Of the 415 patients admitted to the ICU during the 29-week study period, 262 were excluded because their length of stay was <72 h and 27 were excluded because screening at admission revealed P. aeruginosa. Finally, 126 patients were included, comprising 1,345 patient-days. The demographic and clinical characteristics of these patients are shown in Table 1.

Table 1 Demographic and clinical characteristics of the study population (n = 126)

Microbiological screening

During the study, microbiological screening yielded 807 samples: 166 sputum or bronchoalveolar cultures, 144 blood cultures, 114 nasal, 111 rectal, 109 throat, 108 urine and 55 miscellaneous cultures. Cultures were not available for 15 patients, accounting for 94 patient-days. Each patient had a median of five cultures (range: two to nine) during their ICU stay. Acquired P. aeruginosa was present in 27 cultures (3.4%): 11 respiratory, 7 rectal, 4 throat and 3 nasal cultures, 1 stool and 1 peritoneal sample.

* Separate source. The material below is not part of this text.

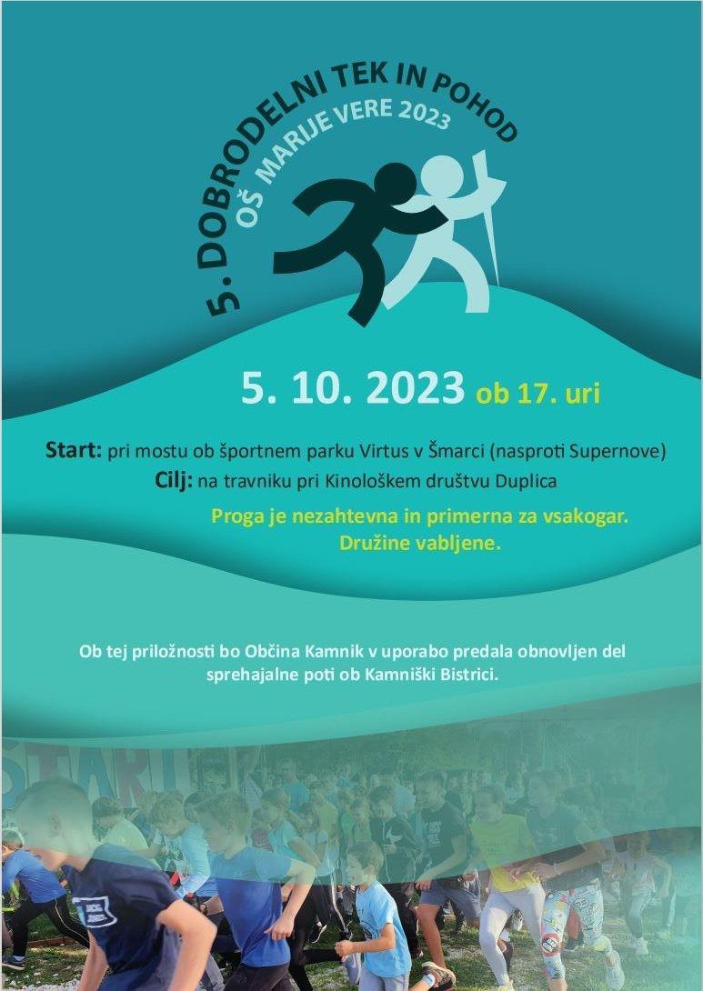 Z velikim veseljem vas ponovno vabimo na že peto ponovitev teka in pohoda za dobri namen. Letos bo Občina Kamnik ob tej priložnosti v uporabo predala obnovljeno sprehajalno pot ob Kamniški Bistrici, ki je bila v poplavah uničena.

Acquired colonization/infection

Twenty patients (16%) acquired P. aeruginosa during their ICU stay. P. aeruginosa colonization was present in 11 patients: rectal culture (n = 5), sputum culture (n = 2), rectal and throat or nasal culture (n = 2), sputum culture associated with rectal, nasal and throat colonization (n = 1) and stool culture (n = 1). P. aeruginosa infection was observed in nine other patients (nosocomial pneumonia (n = 8) and nosocomial peritonitis (n = 1)). P. aeruginosa isolation occurred a median of 11 days (range: 8 to 16) after admission.

Antibiotic treatment

During their ICU stay, 106 patients (84%) received a total of 970 antibiotic days with a median of two antibiotics (range: one to three) for a median duration of seven days (range: 3 to 11) per patient. The antibiotics used are described in Table 2. All patients who acquired P. aeruginosa (except one) had received antibiotics before acquisition (median of two antibiotics (two to four) vs. median of two antibiotics (two to three) in the other group; P = 0.09). Among the 106 patients treated with antibiotics, two-thirds (n = 67) received at least one day of antibiotics active against P. aeruginosa whereas one-third (n = 39) did not.

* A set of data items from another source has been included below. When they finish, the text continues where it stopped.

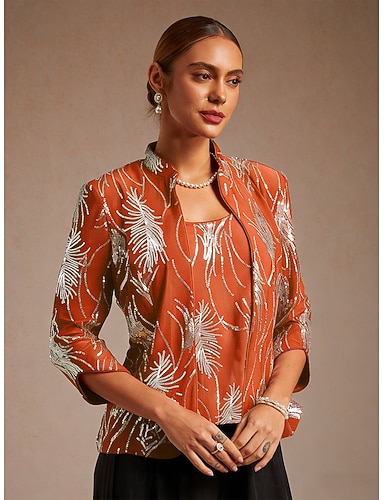 Per donna Top con paillettes Twinset Paillettes Piuma Elegante Manica 3/4 Collo alla coreana Top Regolari Ospite di nozze Arancione Primavera Autunno
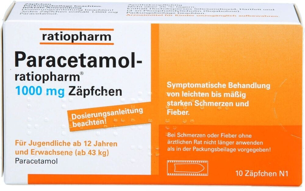 Was das hierzulande bedeutet. zum Artikel. In diesem Beipackzettel finden Sie verständliche Informationen zu Ihrem Arzneimittel - unter anderem zu Wirkung, Anwendung und Nebenwirkungen. Wählen Sie eines der folgenden Kapitel aus, um mehr über "PARACETAMOL-ratiopharm 1.000 mg Zäpfchen" zu erfahren.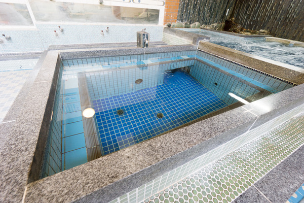 電気風呂は腰掛けるようになっていて、ちょうど腰のあたりをピリピリと刺激してくれます。腰を近づけるとさらに刺激がアップ!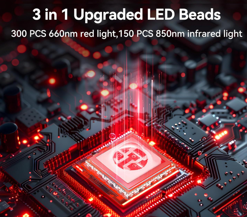 - LEDs de luz vermelha: 300 unidades (660nm)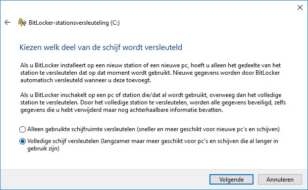 In het volgende venster krijg je alweer een andere vraag: wil je alleen de gebruikte schijfruimte of de volledige schijf versleutelen? Het mag duidelijk zijn dat deze laatste optie langer zal duren, maar dan worden ook oude, “verwijderde” data van encryptie voorzien. In het volgende venster kies je voor Nieuwe versleutelingsmodus (tenzij je de schijf nog op een oudere Windows-versie wilt gebruiken) en beantwoord je de vraag of je een BitLocker-systeemcontrole wilt laten uitvoeren. Hierna kan de versleuteling van start gaan. Dit proces kun je overigens altijd onderbreken en later weer voortzetten.

Table 2 Distribution of antibiotic treatment according to acquisition group*

Environmental screening results

The results of environmental screening are shown in Table 3. In addition to the 20 patients who acquired P. aeruginosa during the study, 27 patients were colonized and/or infected with P. aeruginosa at ICU admission. Thus, 47 patients potentially contributed to the patient colonization pressure. Tap water screening from the patient's rooms yielded 152/464 positive samples (33%). Surveillance of tap water from shared rooms yielded 72 samples, of which 12 were positive for P. aeruginosa (17%). Contaminated tap water was observed four times in the shared toilet, three times in the sterilization room, twice in the night duty bedroom and once in the rest area, office or equipment storage room. The implementation of tap water disinfection at Week 11 of the study should have decreased the patients' environmental pressure. However, no significant interaction was found between tap water colonization and time period (before or after Week 11) (P = 0.69).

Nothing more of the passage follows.